Oude Testament

Nieuwe Testament

1 Korinthiërs 15:17-34 Het Boek (HTB)

17. En als Christus niet weer levend is geworden, dan heeft uw geloof geen betekenis en zijn uw zonden niet vergeven.

18. Ja, dan zijn de gestorven gelovigen reddeloos verloren.

19. Als wij alleen voor dit leven onze hoop op Christus hebben gevestigd, zijn wij meer te beklagen dan wie ook.

20. Maar zo is het gelukkig niet! Christus is weer levend gemaakt, als eerste van de velen die gestorven zijn.

21. Want zoals de dood door een mens is gekomen, is ook het nieuwe leven dankzij een mens gekomen.

22. Zoals alle mensen, als nakomelingen van Adam, sterven, zo zullen ook alle volgelingen van Christus levend worden gemaakt.

23. Ieder op zijn beurt, natuurlijk. Eerst is Christus Zelf levend geworden. En als Hij terugkomt, zullen allen die bij Hem horen, ook levend worden.

24. Daarna komt het einde.
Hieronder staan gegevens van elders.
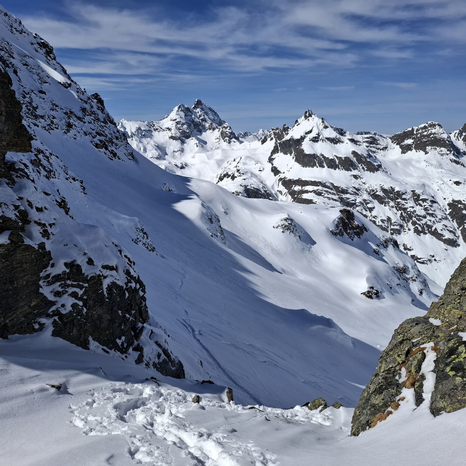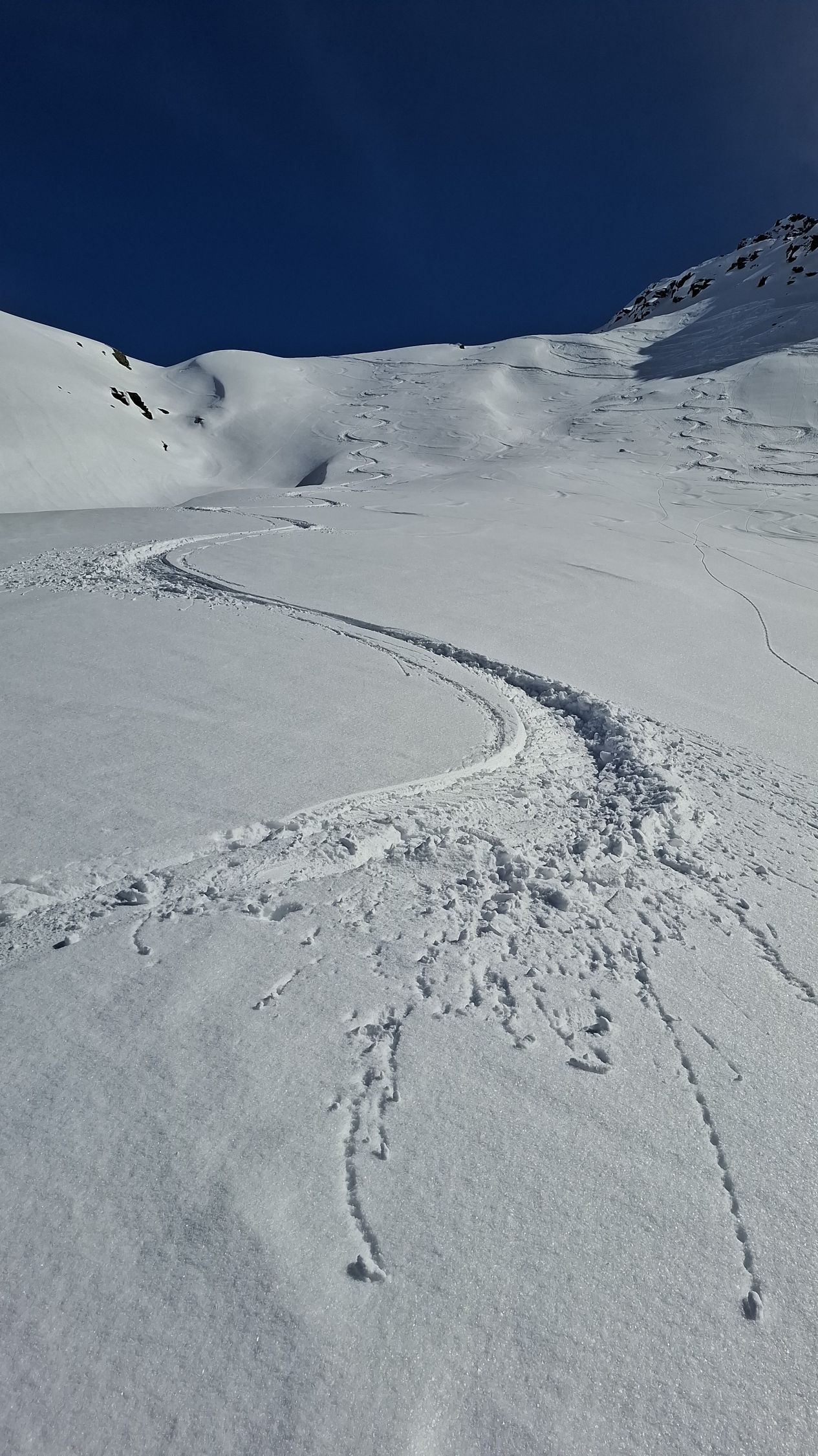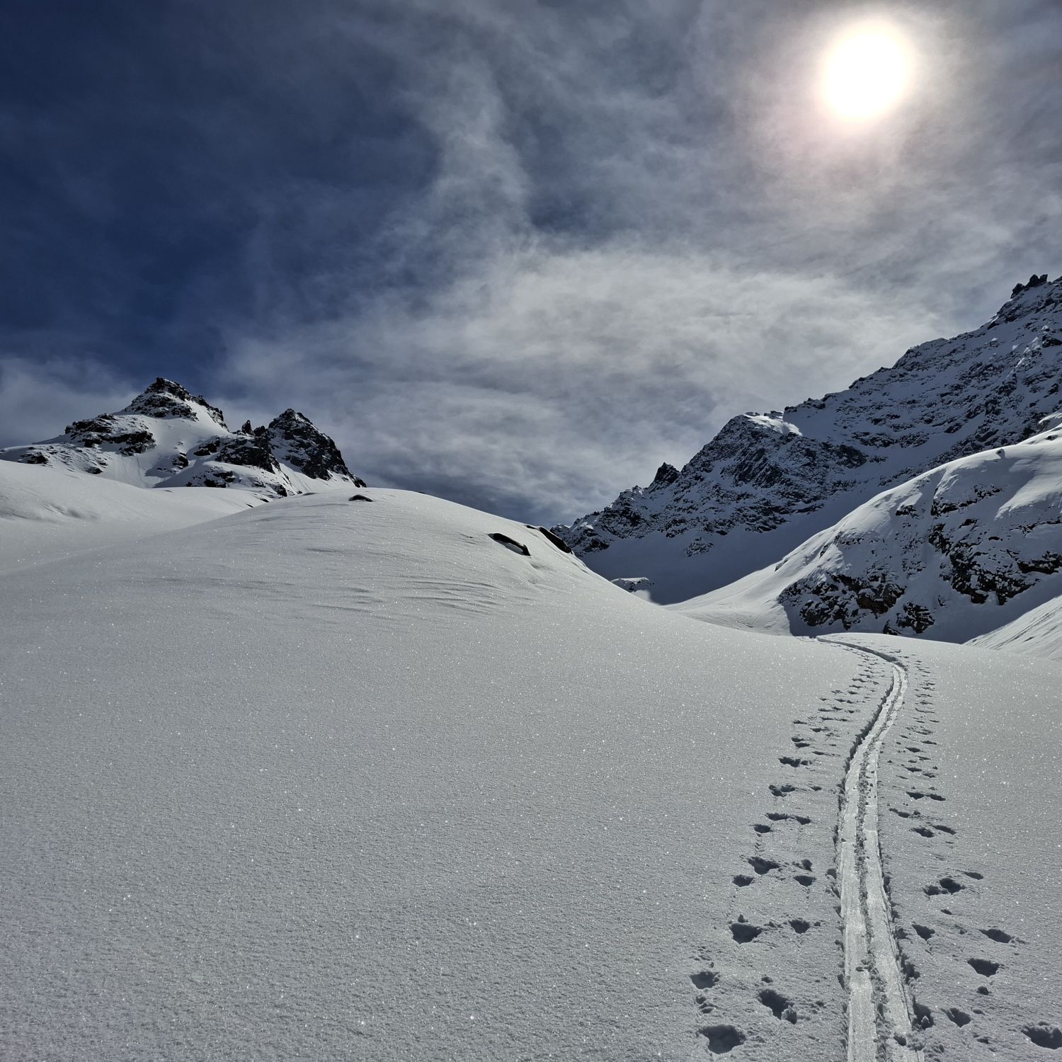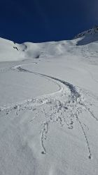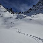 In feiner Spur aufgestiegen. Auf Höhe ca. 2400 teilten sich die Wege. Man kann auch weiter zur Einsattelung zur kleinen Schattenspitze gehen, ich bevorzugte die Kl. Egghörner, respektive bis zur Scharte Skidepot.

Wanneer Christus alle vijandige overheersing, gezag en macht heeft uitgeschakeld, zal Hij zijn koningschap aan God de Vader overdragen.

25. Christus moet net zo lang regeren tot Hij alle tegenstanders heeft onderworpen.

26. De laatste vijand die uitgeschakeld wordt, is de dood.

27. Want God heeft alles aan Christus onderworpen. Maar als God zegt dat Hij alles aan Christus onderworpen heeft, is Hij daar natuurlijk Zelf van uitgesloten.

28. En als alles eenmaal aan Christus onderworpen is, zal ook Hij Zich aan zijn Vader onderwerpen. Dan zal alles en iedereen volledig door God worden beheerst.

29. Als er geen doden weer levend worden gemaakt, waarom laten sommigen zich dan voor de doden dopen?

30. En waarom zouden wij dan nog één uur langer willens en wetens gevaar lopen?

31. Ikzelf sta elke dag oog in oog met de dood, vrienden. Dit zeg ik omdat ik er trots op ben dat u bij onze Here Jezus Christus hoort.

32. In Efeze heb ik bij wijze van spreken met de wilde beesten gevochten, op leven en dood. Menselijk bekeken, was dat zinloos. Als het waar is dat er geen doden weer levend worden gemaakt, laten we dan, zoals er geschreven staat: ‘eten, drinken en vrolijk zijn, want morgen sterven wij misschien.’

33. Maar laat u niets wijsmaken. Slechte vrienden bederven goede zeden.

34. Word nuchter en houd op met zondigen. Tot uw beschaming moet ik zeggen: sommigen van u hebben geen kennis van God.